▶ What you will do
Restate, word for word and with no pictures, the stretch of lines in the data below that begins at the line with "9,000원/월[별지 제12호서식] 주요자재검사및수불부" and ends at the line with "天猫Clarks其乐Clas", inclusive.

• • • •

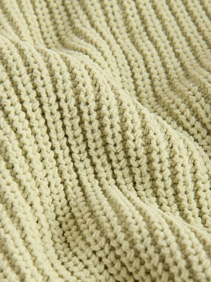 Cosy, cute and ideal for everyday wear, this knitted green jumper is made from a soft chenille yarn in a thick ribbed design, finished with a crewneck collar and long sleeves. Regular fit Chenille fabric Ribbed knit Crewneck collar Long sleeves 100% Recycled polyester. Country of Origin: Bangladesh
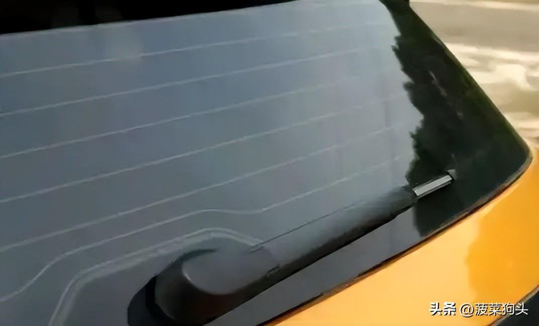 如果上面有一条条“细线”,那就说明这个后挡风玻璃是有加热功能的,因为那些“细线”就是电热丝。
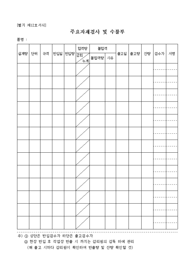 9,000원/월[별지 제12호서식] 주요자재검사및수불부 입니다. 설계량,단위,규격,반입일,반입량,합격량,불합격,출고일등의 항목으로 구성된 양식입니다.
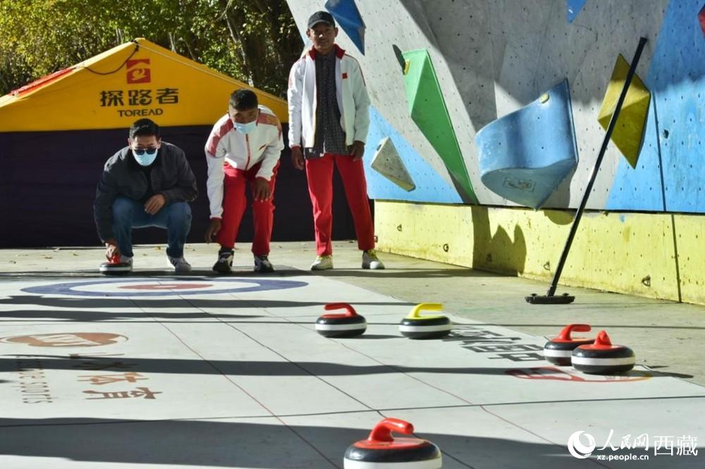 冰壺體驗。人民網(wǎng) 李海霞攝
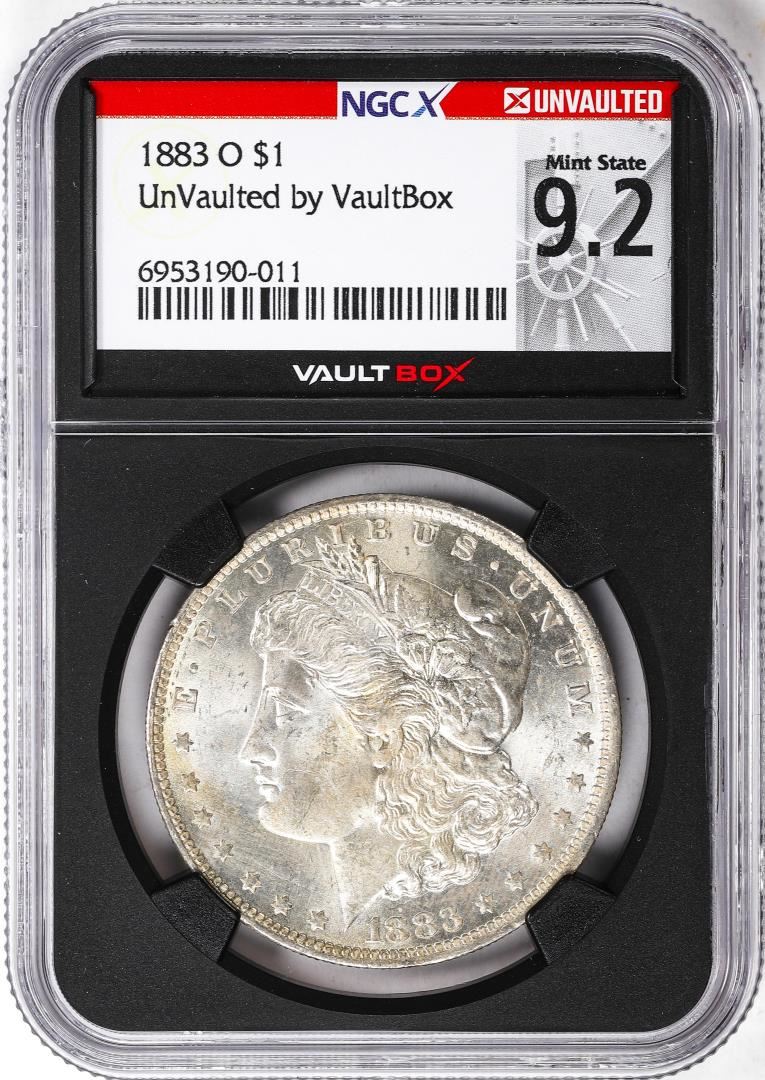 One 1883-O $1 Morgan Silver Dollar Coin NGCX Mint State 9.2 VaultBox Unvaulted. NGCX Certified.
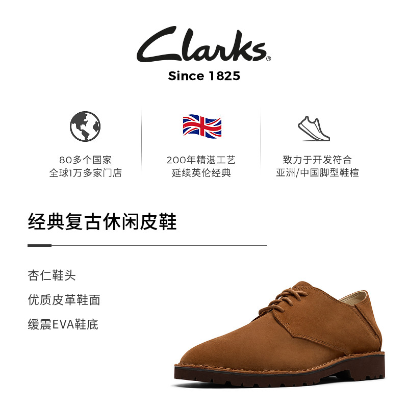 天猫Clarks其乐ClassyLiteQk男鞋春季新品经典商务休闲皮鞋男Vibram底
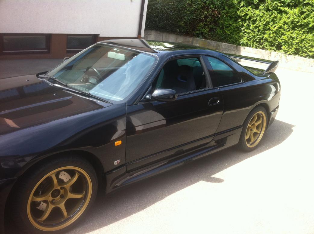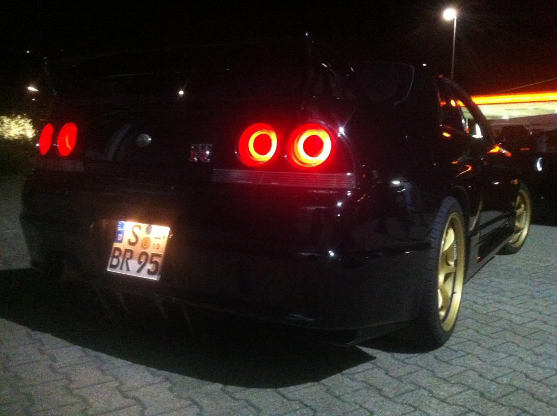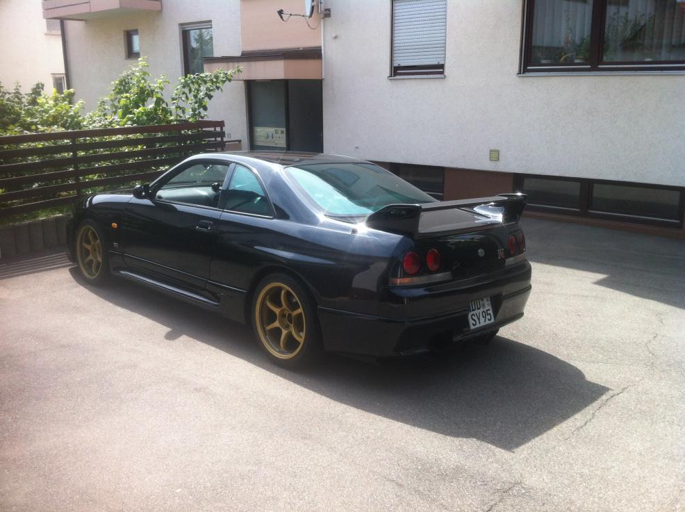 Nen Kollege von mir meinte dann, er kennt jemand der sich mit Skylines auskennt und brachte mich zum Andy. So nahmen die Dinge dann seinen lauf und nur paar Tage später saß ich im Zug nach Dresden :). Ich steige aus dem Zug aus und sehe schon die Black Pearl. EIN SCHWARZER NISSAN SKYLINE R33 GT-R mit goldenen Felgen, man hab ich Augen gemacht, war wohl liebe auf den ersten Blick :).
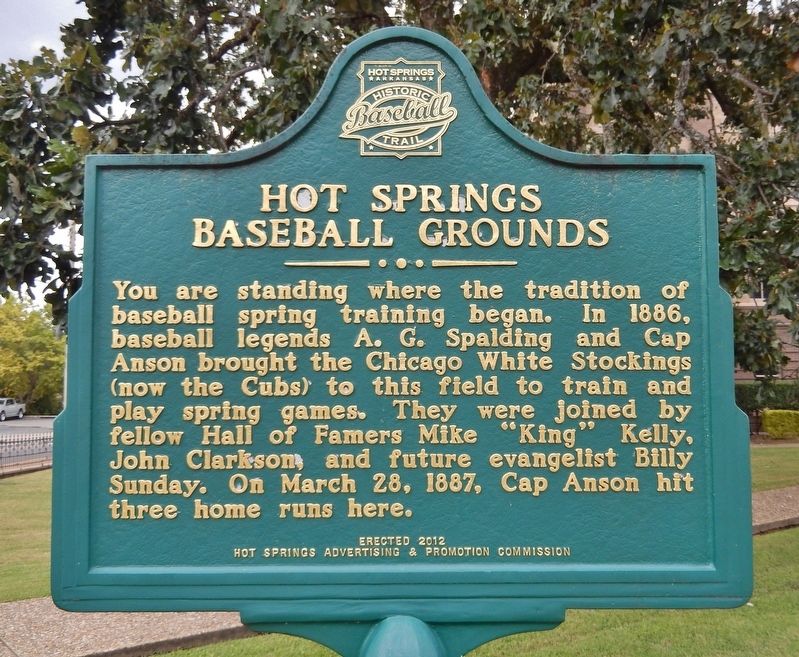 You are standing where the tradition of baseball spring training began. In 1886, baseball legends A. G. Spalding and Cap Anson brought the Chicago White Stockings (now the Cubs) to this field to train and play spring games. They were joined by fellow Hall of Famers Mike “King” Kelly, John Clarkson and future evangelist Billy Sunday. On March 28, 1887, Cap Anson hit three home runs here.
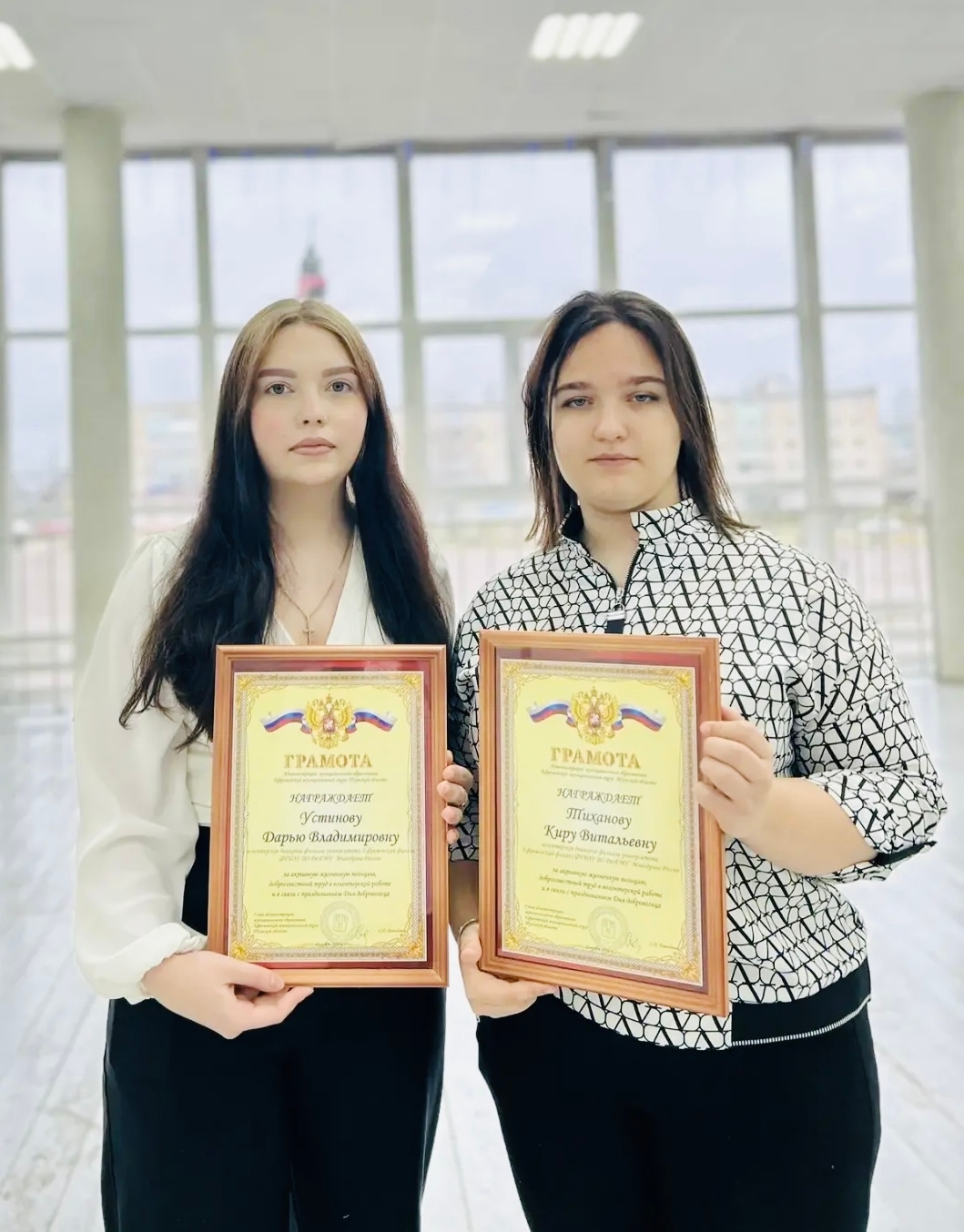 Завершением события стала церемония чествования активных добровольцев Ефремова. Среди отмеченных — студентки 2 курса специальности «Сестринское дело»: Дарья Устинова и Кира Тихонова. Они награждены Грамотой главы Ефремовского муниципального округа Тульской области за активную гражданскую позицию и добросовестный вклад в развитие волонтерского движения.
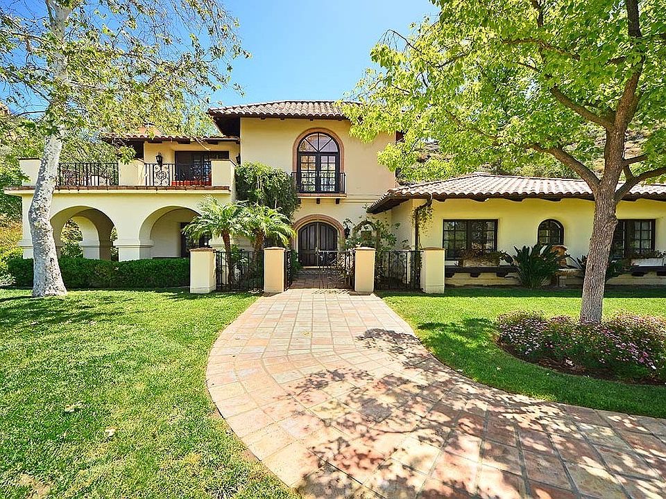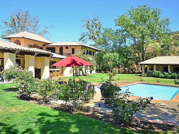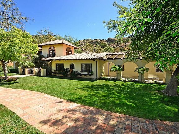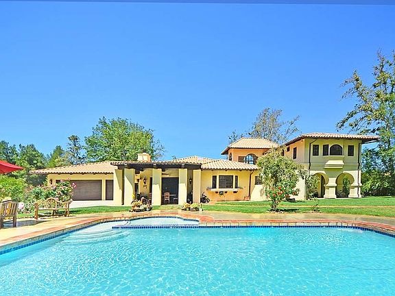 Villa Santa Maria is a stunning classic California Spanish estate set on 10+ gated acres of total privacy. The elegant main house features 3 bedrooms and 3 baths, office, gourmet kitchen, living room with fireplace, a great room with open beamed vaulted ceilings and fireplace, and a dining room opening to a sunny two story central courtyard. The master retreat enjoys beautiful views from the balcony, a jetted tub, and dual walk-in closets. The estate was designed to enjoy an outdoor lifestyle with the covered outdoor dining area, a sparkling pool and spa, and huge grassy lawns all surrounded by distant canyon views, massive rock formations and towering mature trees. There is also a large detached 1 bedroom 1 bathroom guest house and oversized 3 car garage. A wooded trail connects the 2 stall barn to a 60 x 140 ft. sand riding arena. Located on a private road with nearby access to State Park hiking and horse riding trails and centrally located between beaches and major shopping centers.
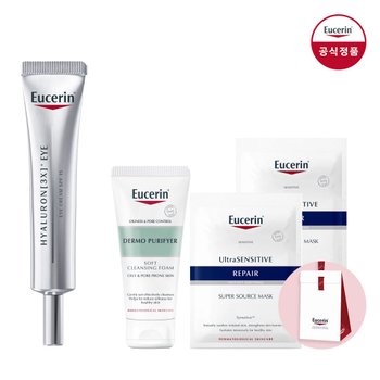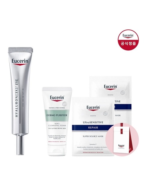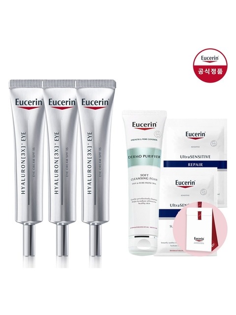 [유세린] 유세린 하이알루론 3X 아이크림 15ml 트리플팩 [증정]더모퓨리파이어 클렌징 폼 150g + 울센마스크팩 2매 + 리본선물상자
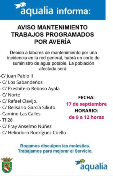 Aqualia nos informa que mañana miércoles 17 de septiembre, en horario aproximado de 9 horas de la mañana a 12 horas del mediodía por obras de mantenimiento de la red en la C/ Rafael Clavijo se producirá un corte del suministro de agua en las siguientes calles:
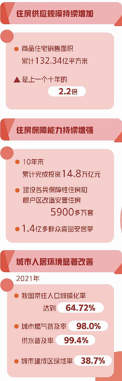 住房问题关系民生福祉。10年来,我国住房市场体系与住房保障体系持续完善。
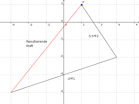 Dann greift in ihm die resultierende Kraft 0,5 * F2 - 2 * F1 = (2; -3) - (6; 2) = (-4; -5) an.
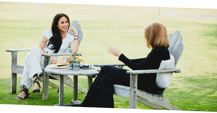 Сразу после Глория напомнила, что сила не в иерархии, а в ментальной взаимосвязи тех, кто отстаивает свои позиции. В ходе беседы женщина обратилась к строчке, выгравированной на ее подарке для Меган — браслете с надписью: «Связаны, а не ранжированы».

• • • •

▶ Exercise solution
 9,000원/월[별지 제12호서식] 주요자재검사및수불부 입니다. 설계량,단위,규격,반입일,반입량,합격량,불합격,출고일등의 항목으로 구성된 양식입니다.
 冰壺體驗。人民網(wǎng) 李海霞攝
 One 1883-O $1 Morgan Silver Dollar Coin NGCX Mint State 9.2 VaultBox Unvaulted. NGCX Certified.
 天猫Clarks其乐ClassyLiteQk男鞋春季新品经典商务休闲皮鞋男Vibram底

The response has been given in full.